What needs to be done :: Print the records below exactly, from the line containing "上午由吴平教授和张宝林教授进" down to the line containing "Figure. | ||", both lines included, and omit every picture.

===== Data shown =====

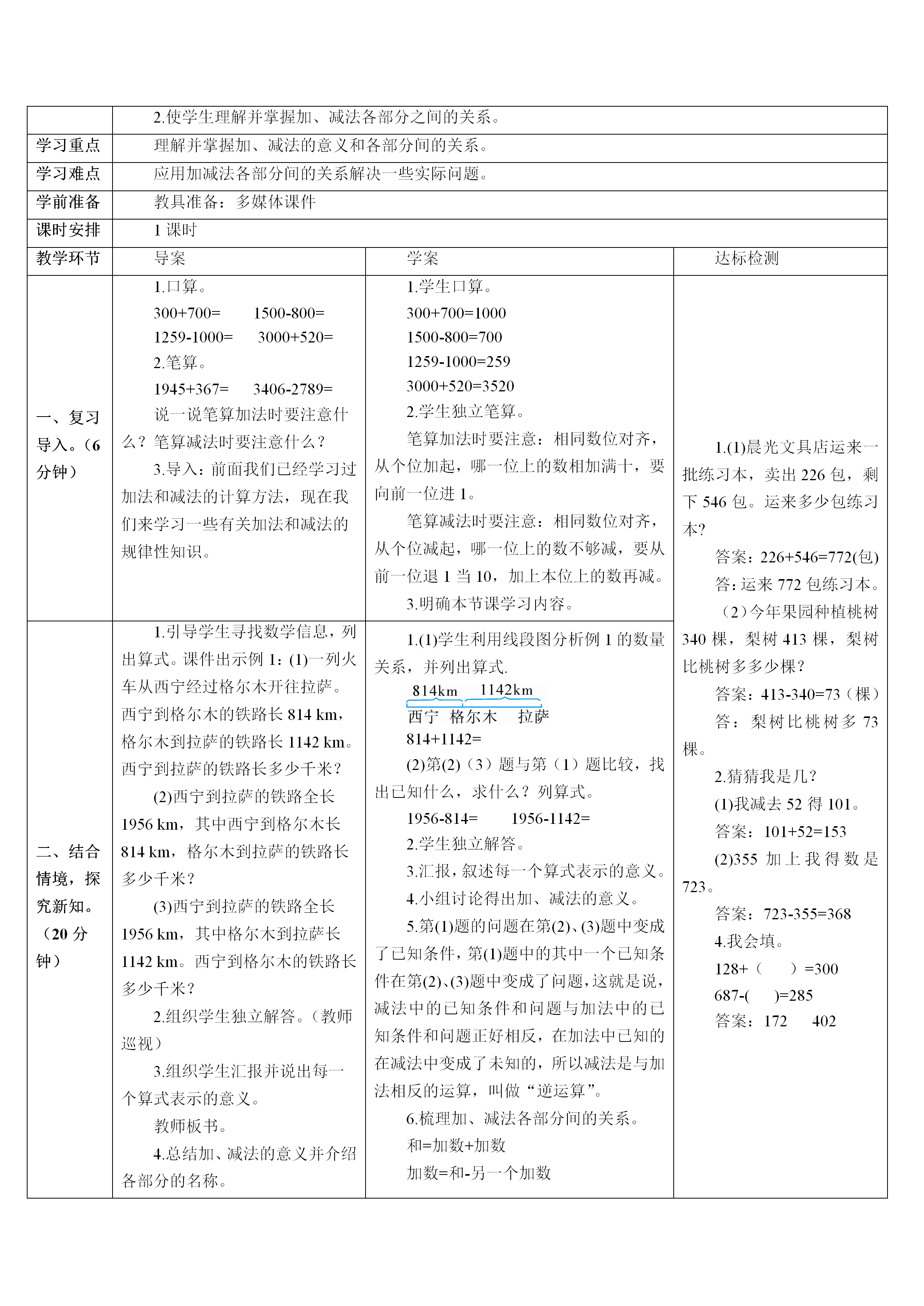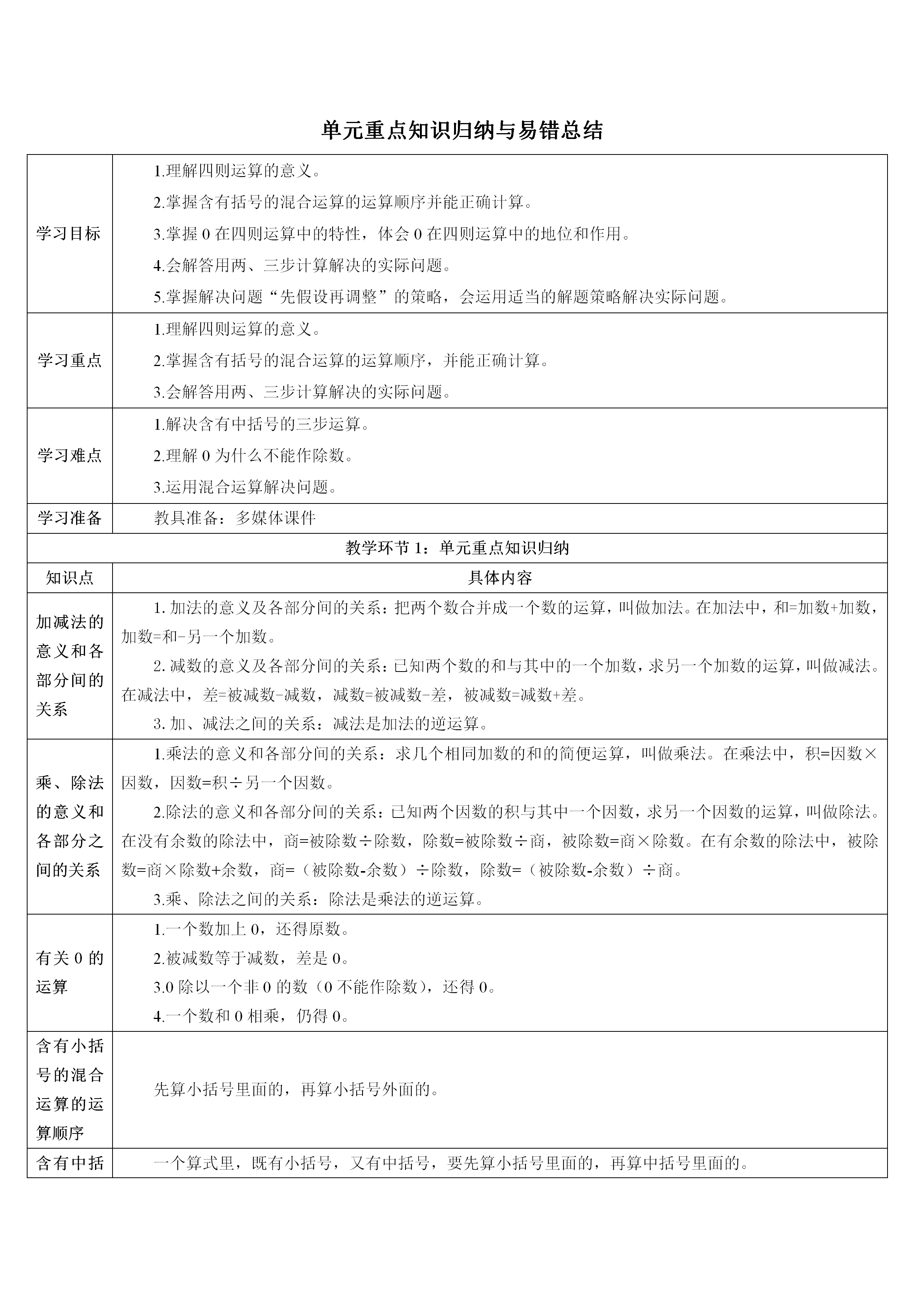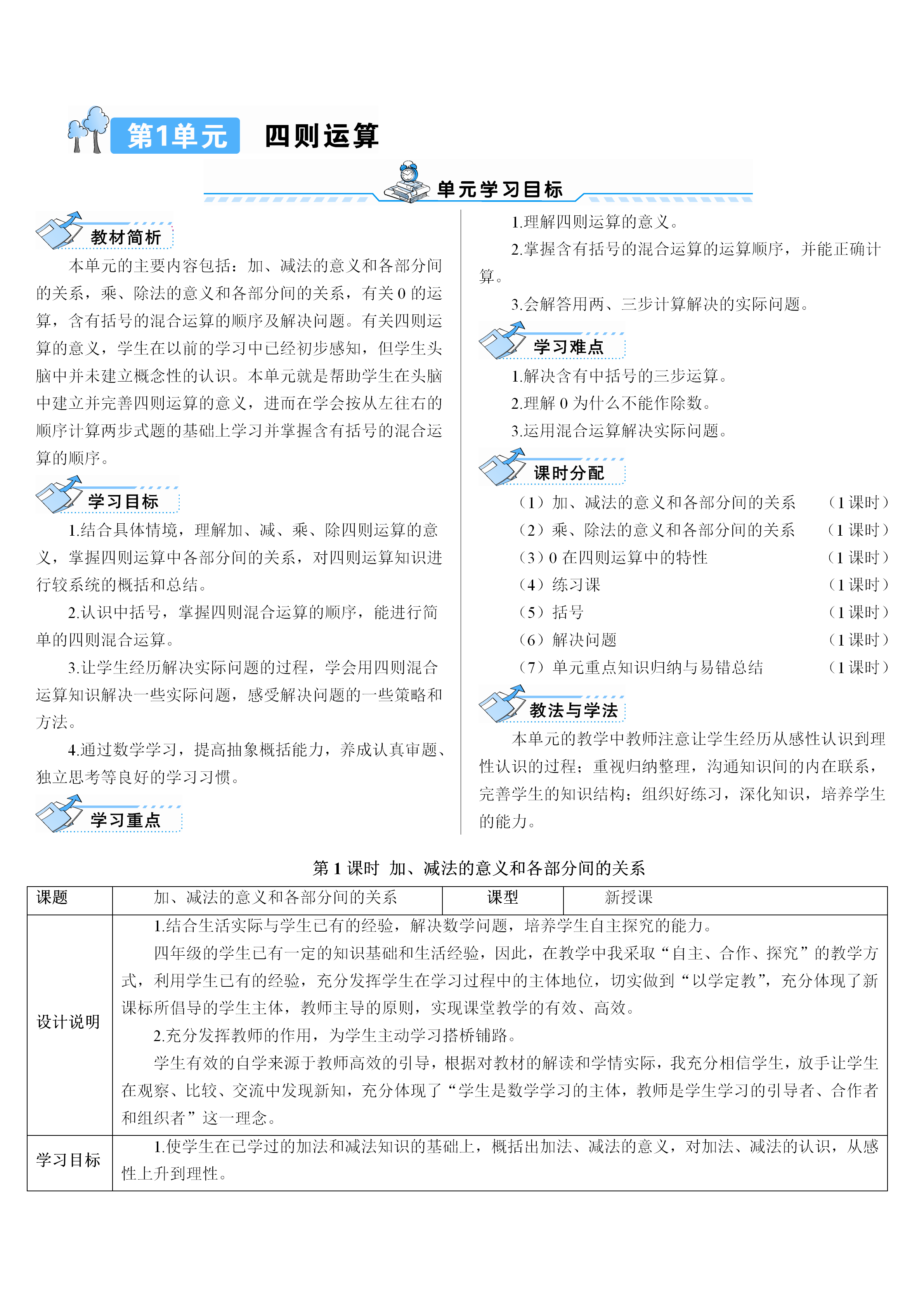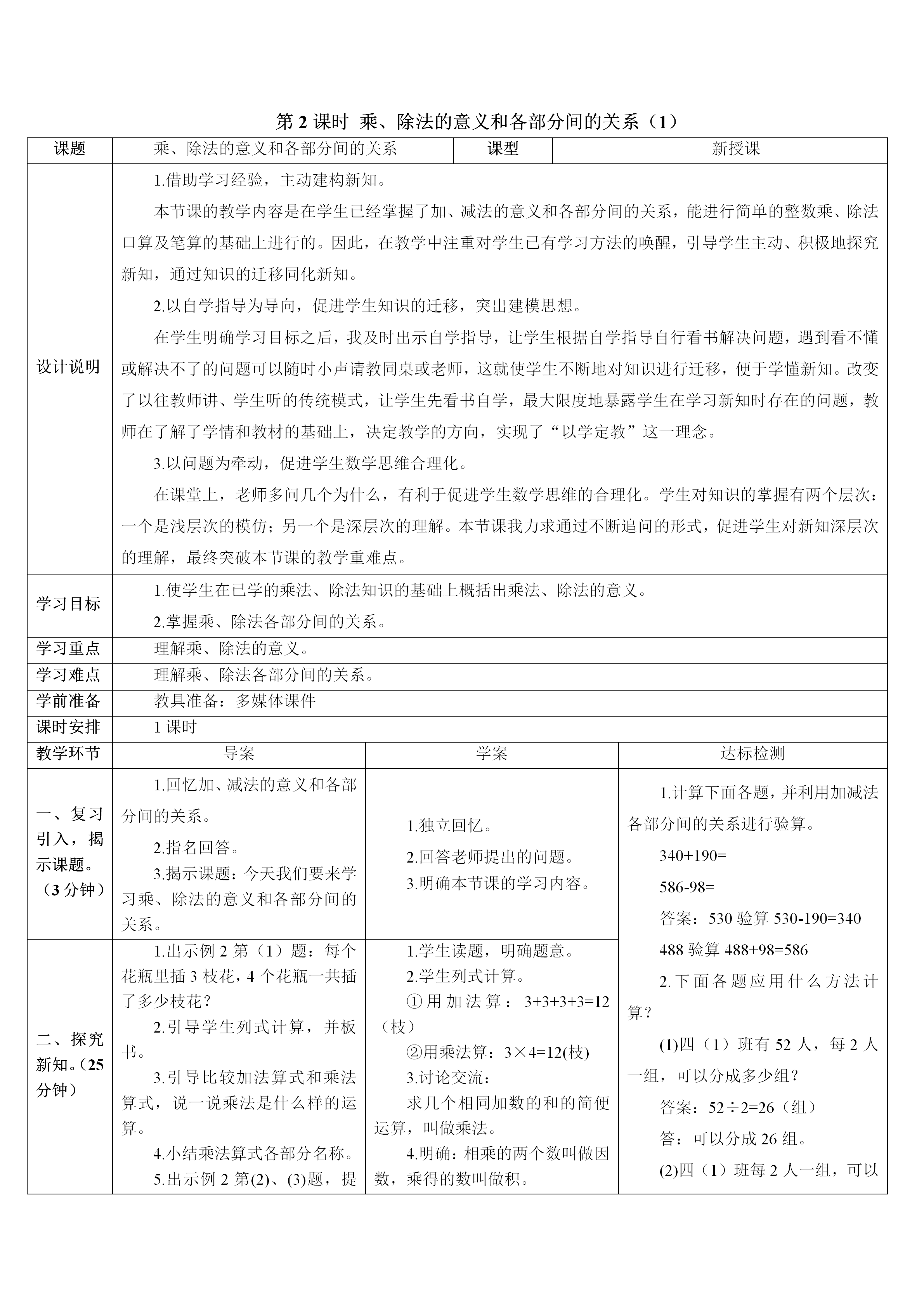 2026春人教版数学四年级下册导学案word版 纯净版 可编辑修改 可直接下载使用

=====
===== Data shown =====

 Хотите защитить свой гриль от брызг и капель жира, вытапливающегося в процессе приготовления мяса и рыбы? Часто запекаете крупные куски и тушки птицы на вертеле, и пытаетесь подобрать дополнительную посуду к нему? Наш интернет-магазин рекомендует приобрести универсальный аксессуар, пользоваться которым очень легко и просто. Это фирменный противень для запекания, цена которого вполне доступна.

=====
===== Data shown =====

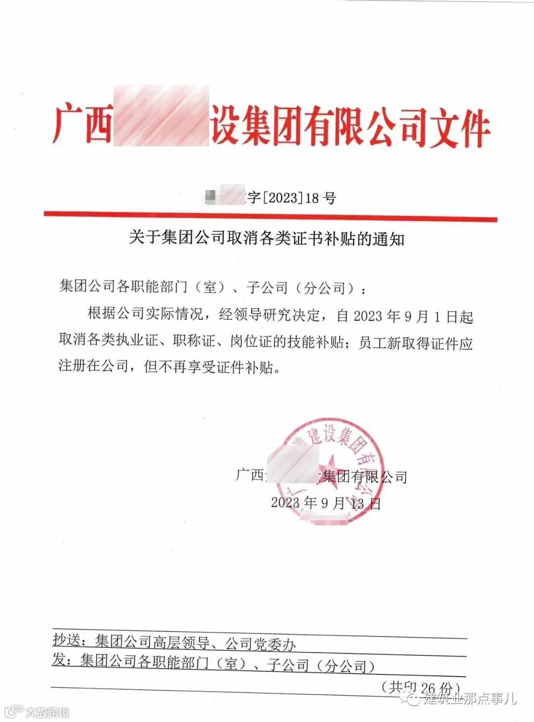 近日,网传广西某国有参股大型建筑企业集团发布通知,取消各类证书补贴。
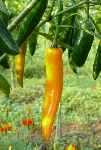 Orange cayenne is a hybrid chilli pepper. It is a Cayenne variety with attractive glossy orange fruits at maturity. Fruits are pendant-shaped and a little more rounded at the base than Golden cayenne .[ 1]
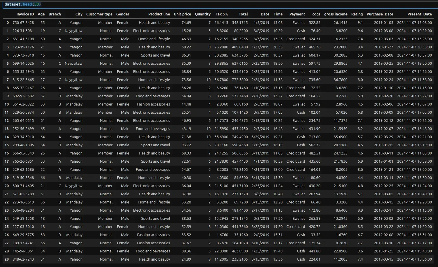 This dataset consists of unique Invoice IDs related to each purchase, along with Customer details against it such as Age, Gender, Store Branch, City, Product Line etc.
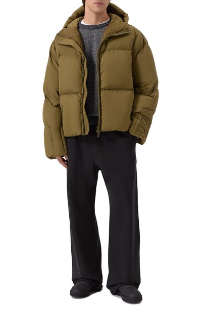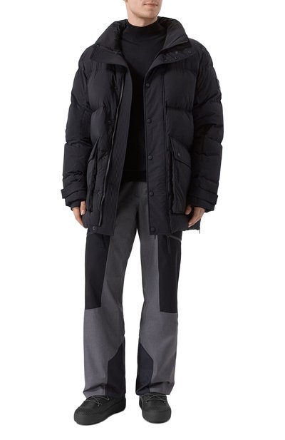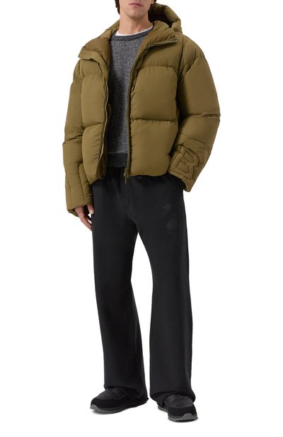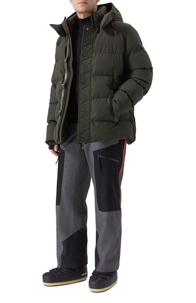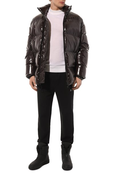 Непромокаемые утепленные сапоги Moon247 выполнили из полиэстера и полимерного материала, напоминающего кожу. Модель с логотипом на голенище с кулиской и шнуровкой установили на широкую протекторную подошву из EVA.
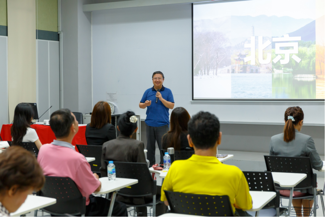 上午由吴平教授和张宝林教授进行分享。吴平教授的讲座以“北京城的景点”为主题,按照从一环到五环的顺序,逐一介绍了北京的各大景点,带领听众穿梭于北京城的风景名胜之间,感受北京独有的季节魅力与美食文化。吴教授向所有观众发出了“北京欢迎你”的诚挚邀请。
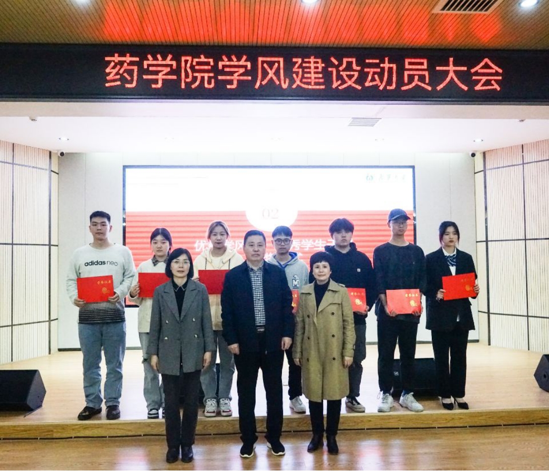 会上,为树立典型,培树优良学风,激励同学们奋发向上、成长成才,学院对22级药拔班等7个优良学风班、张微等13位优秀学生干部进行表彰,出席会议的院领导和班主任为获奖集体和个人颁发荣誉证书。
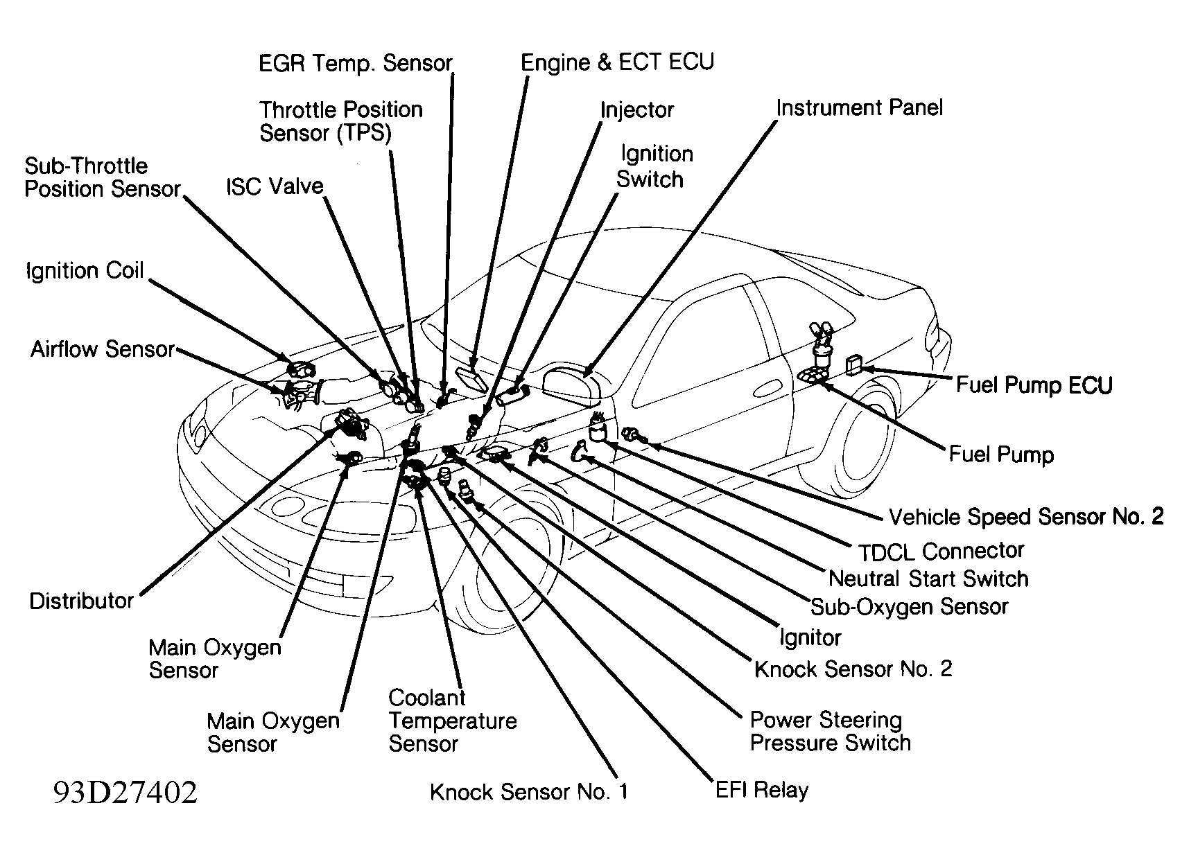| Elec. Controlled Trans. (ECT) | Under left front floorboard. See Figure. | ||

=====

Your solution ::
 上午由吴平教授和张宝林教授进行分享。吴平教授的讲座以“北京城的景点”为主题,按照从一环到五环的顺序,逐一介绍了北京的各大景点,带领听众穿梭于北京城的风景名胜之间,感受北京独有的季节魅力与美食文化。吴教授向所有观众发出了“北京欢迎你”的诚挚邀请。
 会上,为树立典型,培树优良学风,激励同学们奋发向上、成长成才,学院对22级药拔班等7个优良学风班、张微等13位优秀学生干部进行表彰,出席会议的院领导和班主任为获奖集体和个人颁发荣誉证书。
| Elec. Controlled Trans. (ECT) | Under left front floorboard. See Figure. | ||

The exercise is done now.